5D Parallelism Configuration#
RLinf employs NVIDIA Megatron-LM as its large-scale Transformer training backend and exposes five orthogonal parallelism modes:
Tensor Parallelism (TP)
Data Parallelism (DP)
Pipeline Parallelism (PP)
Sequence Parallelism (SP)
Context Parallelism (CP)
A suitable combination lets the system scale from single-node to hundreds-GPU clusters while balancing memory, communication, and utilisation.
Below is a detailed introduction to the five parallel modes, as well as instructions on how to configure them for startup.
1. Tensor Parallelism (TP)#
Definition
Tensor Parallelism shards the model’s weight matrices across a process group. Each GPU holds and computes only its slice.
Mechanics
Linear layers – split
Linear(h, 4h)by columns – splitLinear(4h, h)by rowsAttention projections – shard \(Q,K,V\) along the head dimension
Results are fused via all-reduce after every sharded operation.
Sample YAML
actor:
model:
tensor_model_parallel_size: 2 # tp_size = 2
Pros
Bypasses single-GPU memory limits.
Balances compute across GPUs.
Cons
All-reduce after almost every layer → high latency.
Scalability bounded by hidden-size width.
2. Data Parallelism (DP)#
Definition
Data Parallelism partitions the minibatch; every replica stores a full copy of the model.
Mechanics
Split the global batch across DP ranks.
Each rank computes forward/backward locally.
Gradients are synchronised with an all-reduce before the optimiser step.
Sizing Example
cluster:
num_nodes: 16
actor:
model:
tensor_model_parallel_size: 2 # TP
pipeline_model_parallel_size: 2 # PP
context_parallel_size: 2 # CP
# dp_size = 128 / 2 / 2 / 2 = 16
Pros
Simple and model-agnostic.
Perfect for scaling dataset size.
Cons
Full-model replica on every GPU → memory heavy.
Gradient all-reduce over the entire parameter set.
Usually combined with TP/PP/CP to fit larger models.
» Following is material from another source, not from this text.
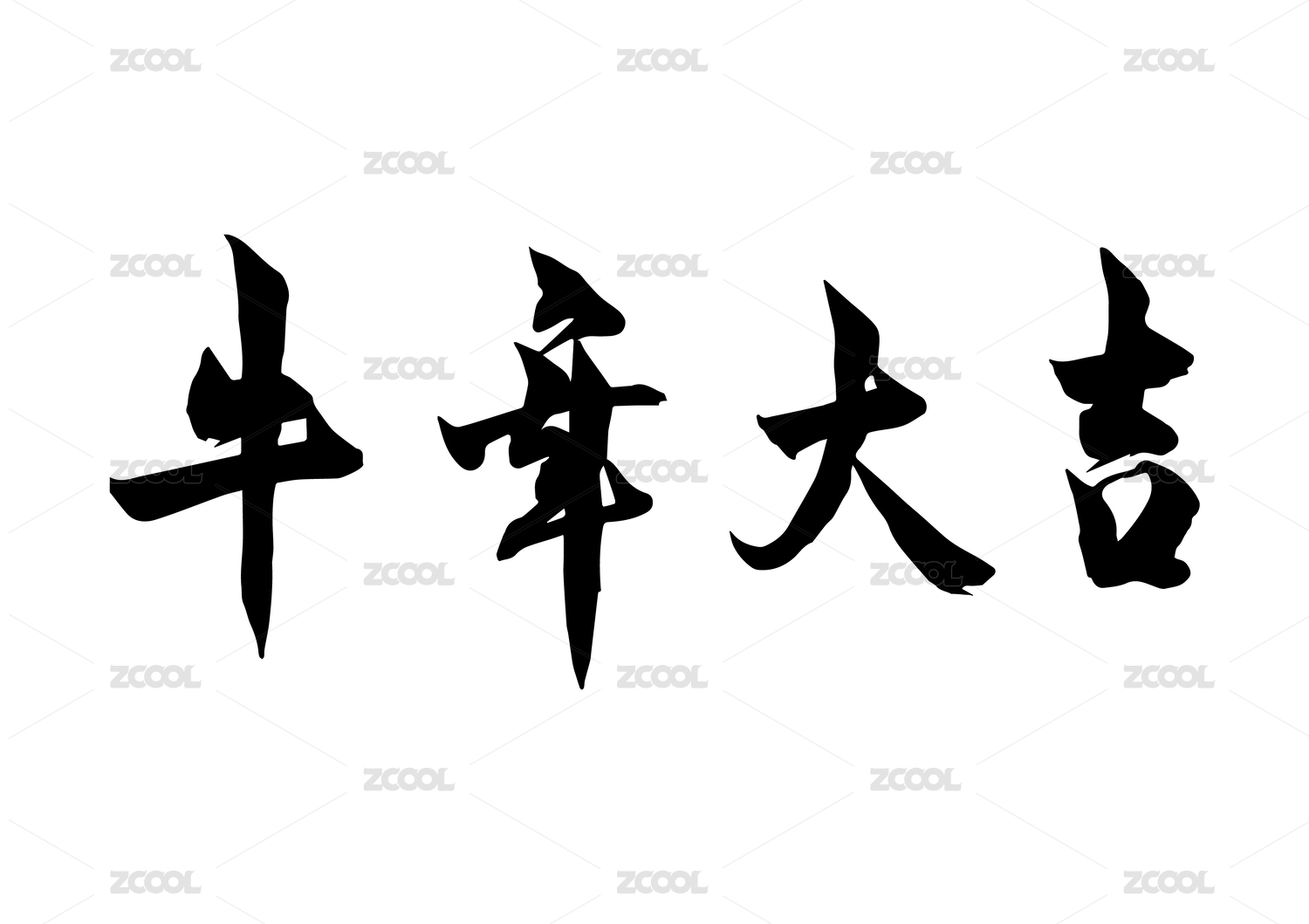 牛年大吉中国汉字手写毛笔字体

3. Pipeline Parallelism (PP)#
Definition
Pipeline Parallelism places different layer stacks on different ranks to form a computation pipeline.
Mechanics
Evenly split layers across
pp_sizestages.Use 1F1B (one-forward-one-backward) or similar schedulers to overlap compute.
Schedule Illustration
GPU 0: [F1][F2][F3][F4][B4][B3][B2][B1]
GPU 1: [F1][F2][F3][F4][B4][B3][B2][B1]
GPU 2: [F1][F2][F3][F4][B4][B3][B2][B1]
GPU 3: [F1][F2][F3][F4][B4][B3][B2][B1]
F = forward micro-batch, B = backward micro-batch, index = micro-batch ID.
Sample YAML
actor:
model:
pipeline_model_parallel_size: 2
Pros
Reduces memory for very deep models.
Only neighbour-to-neighbour communication (activations).
Cons
Pipeline bubbles (idle slots) may lower utilisation.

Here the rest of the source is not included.